As I said when we began: this one’s for the lovers of brave soldiers, able medics, and steadfast friends. And here’s to John Watson, who flew that flag before it was cool. This one’s for the other half of the partnership: the narrator, the everyman turned superhero, the teller of tales, the conductor of light. Sláinte.

EDWARD HARDWICKE; The Return of Sherlock Holmes (Granada 1986-1994)

Edward Hardwicke
The seasoned soldier
Brett’s remarkable Sherlock Holmes always possessed an energy that could seem…well, possessed. His smiles were brief flickers soon washed away by freewheeling mental gymnastics, his hands restless, his movements abrupt. Here was a man, one thought, who could use a steadying influence before the intravenous coke won the day. And none could be steadier than Edward Hardwicke, the other half of Granada’s outstanding team of John Watsons.

Hardwicke’s Watson is introduced during “The Empty House,” an unpleasant period for the character to say the least. Three years ago, he lost his closest friend when a gnarled little professor of mathematics lured the foremost champion of the law of his generation to a waterfall in Switzerland and then defeated him in the world’s deadliest arm-wrestling match. Thereafter, Watson’s wife Mary passed on (of what we are not told, but one can assume no waterfalls were involved on this occasion). But he is soldiering on like the veteran he is, and has taken an interest in the murder of Ronald Adair, who was killed under the sort of inexplicable circumstances that would have been right up Sherlock “Give Me Problems, Give Me Cryptograms” Holmes’s alley.

Enter Sherlock “Sorry About That, I Seem to Have Only Been Mostly Dead” Holmes. Hardwicke’s portrayal is inevitably older than Burke’s, calmer; this is a man who has stared death in the face more than once and lived to write about it. His voice is measured, thoughtful, and quietly decisive. He owns a remarkable fez. One has absolutely no trouble picturing him patching people together on the plains of Afghanistan, but he also charms distraught clients and furrows his brow at his resurrected roomie when his roomie makes poor decisions. John Watson is always quintessentially British, and yet there is something more British still about Hardwicke’s incarnation. The histories of naval empires are mapped in his eyes.

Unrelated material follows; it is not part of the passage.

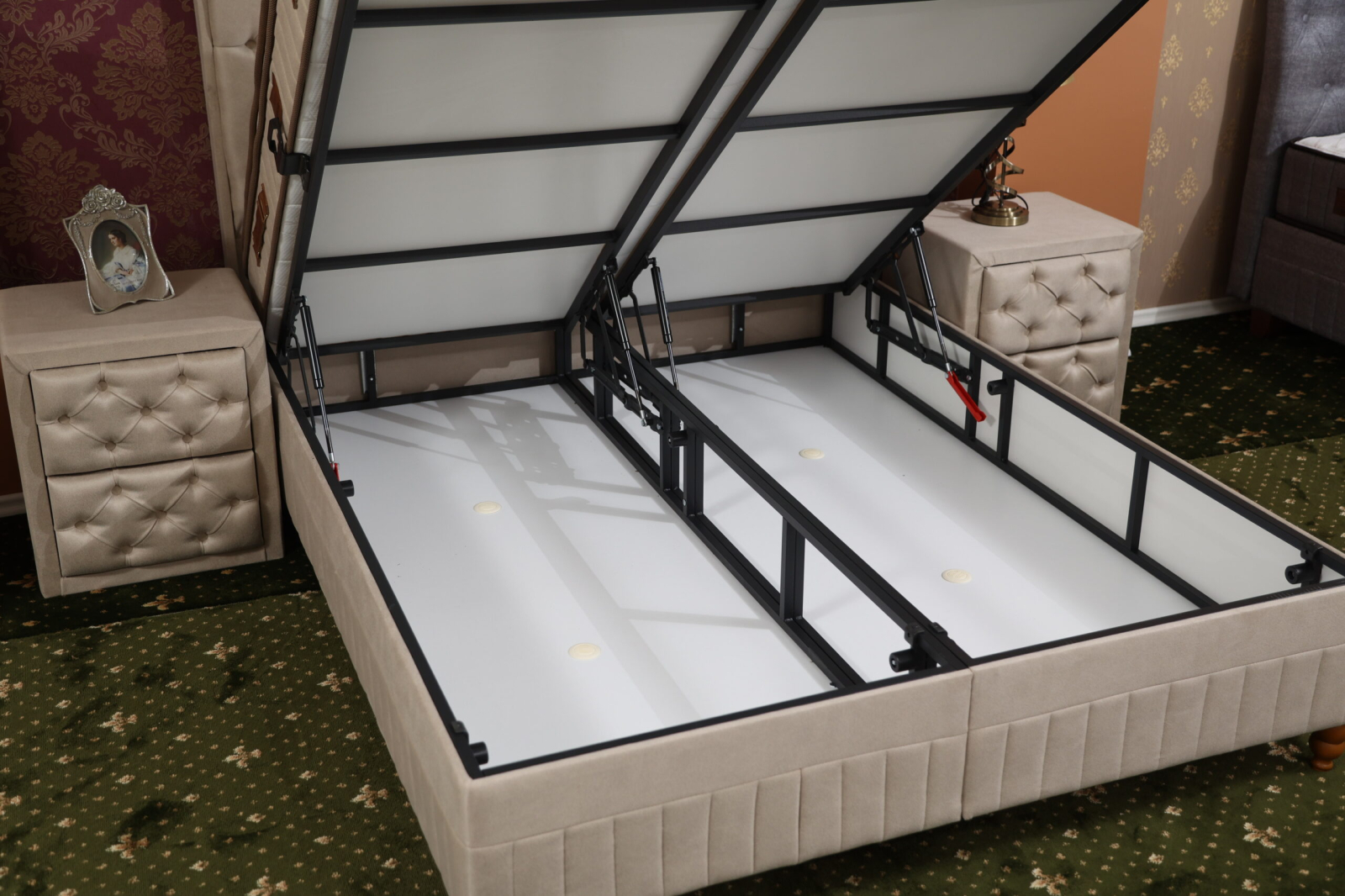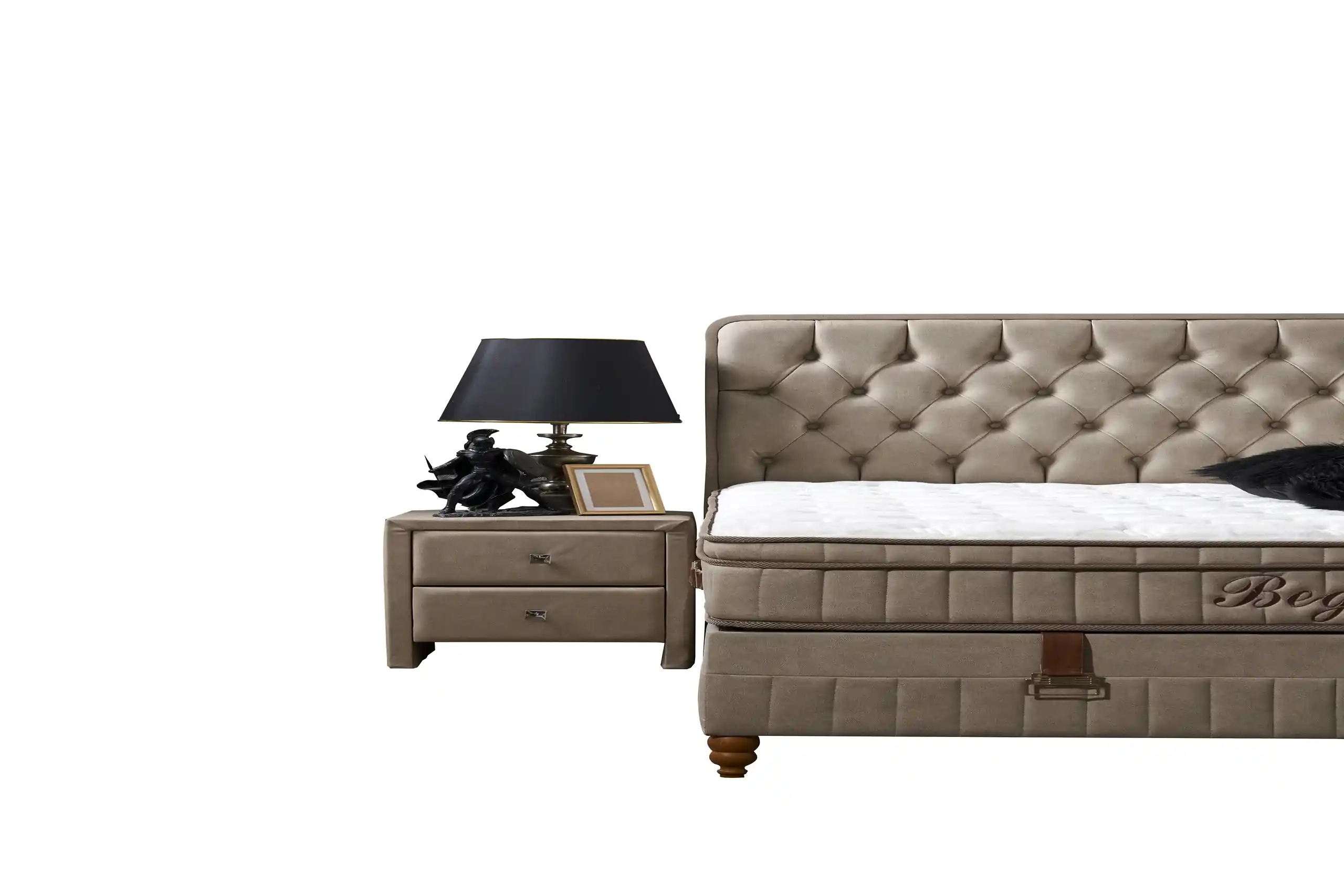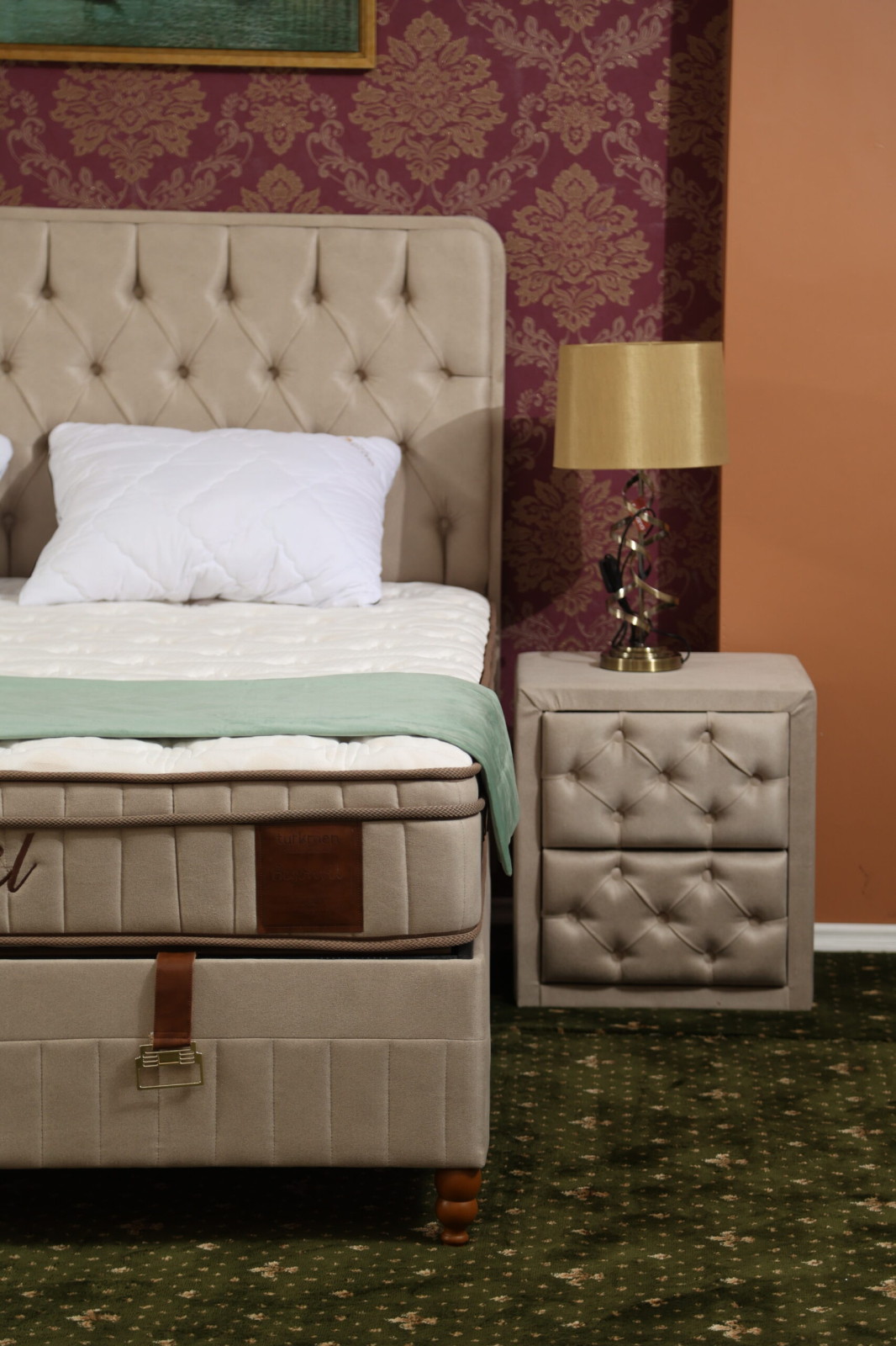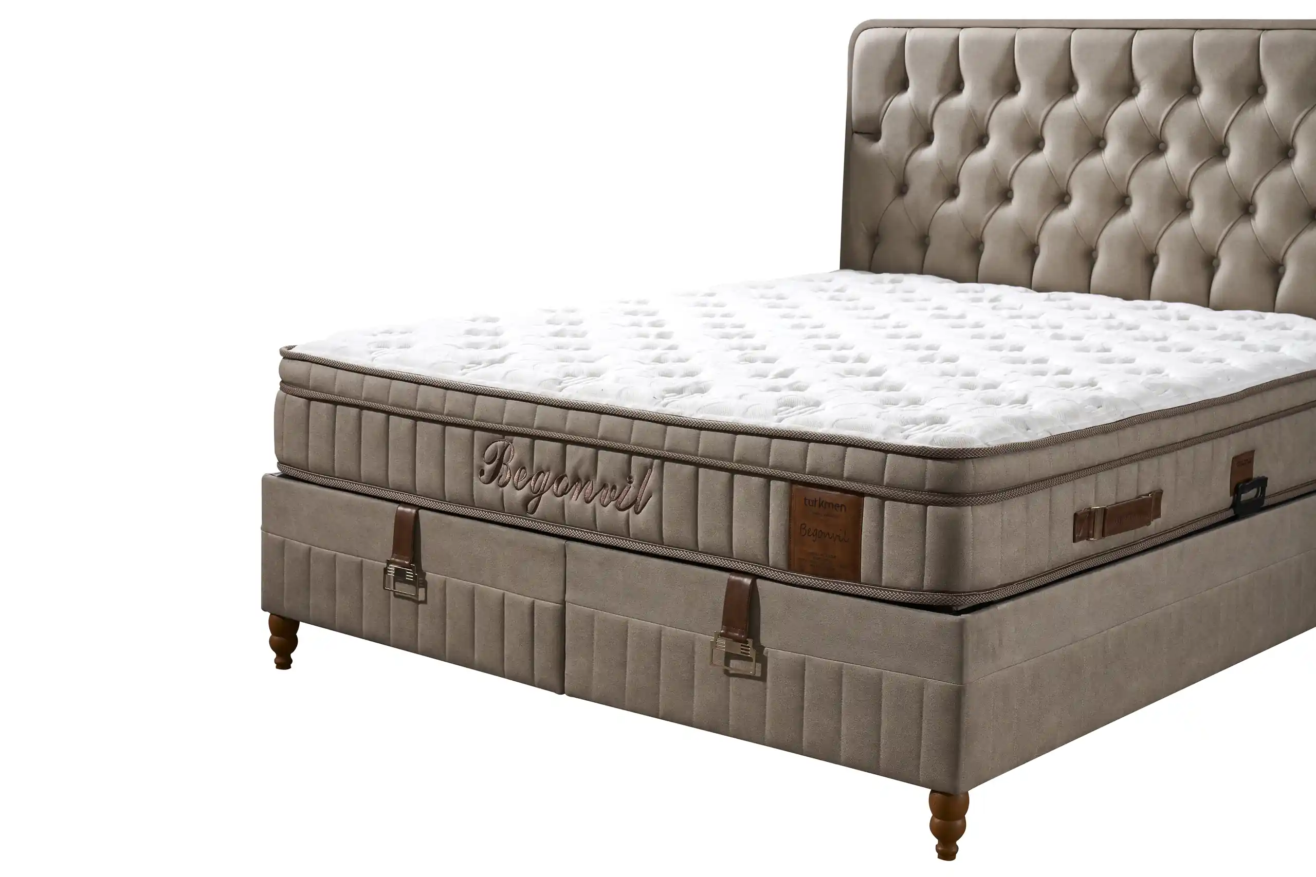Salteaua specială inclusă în setul patului Begonvil este proiectată pentru a oferi o experiență de somn de neuitat. Cu un strat confortabil și suport optim, această saltea premium se mulează perfect pe forma corpului, eliminând punctele de presiune și oferind un somn odihnitor și revitalizant în fiecare noapte. În plus, spațiul de depozitare integrat cu sistem hidraulic este soluția perfectă pentru optimizarea spațiului din dormitor. Cu acces facil și comod, acest spațiu inteligent oferă o soluție practică pentru depozitarea lenjeriei de pat, a hainelor sezoniere sau a altor obiecte personale, contribuind astfel la organizarea și ordinea în cameră.

Lest I give the impression he’s also stodgy, he isn’t. He can, like all the very best John Watsons, giggle helplessly in an armchair at the smallest provocation. His gravity may be necessary to keep Brett’s wild sleuth from flying off the planet, but he is never a burden—he’s as often a merry co-conspirator as a sounding board, and if you require a stout companion on whose assistance you can thoroughly rely, Hardwicke is your man to the last.

CONCLUSION: Hardwicke is both the equal of Burke and his natural successor; he befits Brett’s portrayal of an older, more troubled Holmes without ever losing the sense that there’s nowhere he’d rather be than Baker Street, or else dashing madly off with the world’s only independent consulting detective.
 

JUDE LAW; Sherlock Holmes and Sherlock Holmes: Game of Shadows (Warner Brothers films, 2009-2011)

Jude Law as Watson
What are you planning, Holmes?
Enter Guy Ritchie’s House of Victorian Steampunkery; its Holmes is Robert Downey Jr. in fine twitchy fettle, and its Watson is the incredibly good Jude Law. I mean incredibly in the literal sense—I cannot believe how good Law’s Watson is. And for a long, lovely laundry list of reasons.

Holmes was always an action hero, if in the 19th century sense of the word. He was a singlestick expert, a boxer, a martial artist. When thrown into the fray, he could handle himself as any gentleman would be expected to do. And when choosing a companion with whom to kick ass and deduce names, he selected a chap just returned from a nasty war, battered and friendless and in need of a new fight. The Warner Brothers film franchise is deemed too heavy on the fistwork as opposed to the brainwork by some. I say let Holmes ripple with testosterone, grimy muscles bulging, while Watson shoots and stabs and judo-chops in his defense. Where’s the problem here? Bring it on, along with my medium-rare ribeye and whiskey with two cubes.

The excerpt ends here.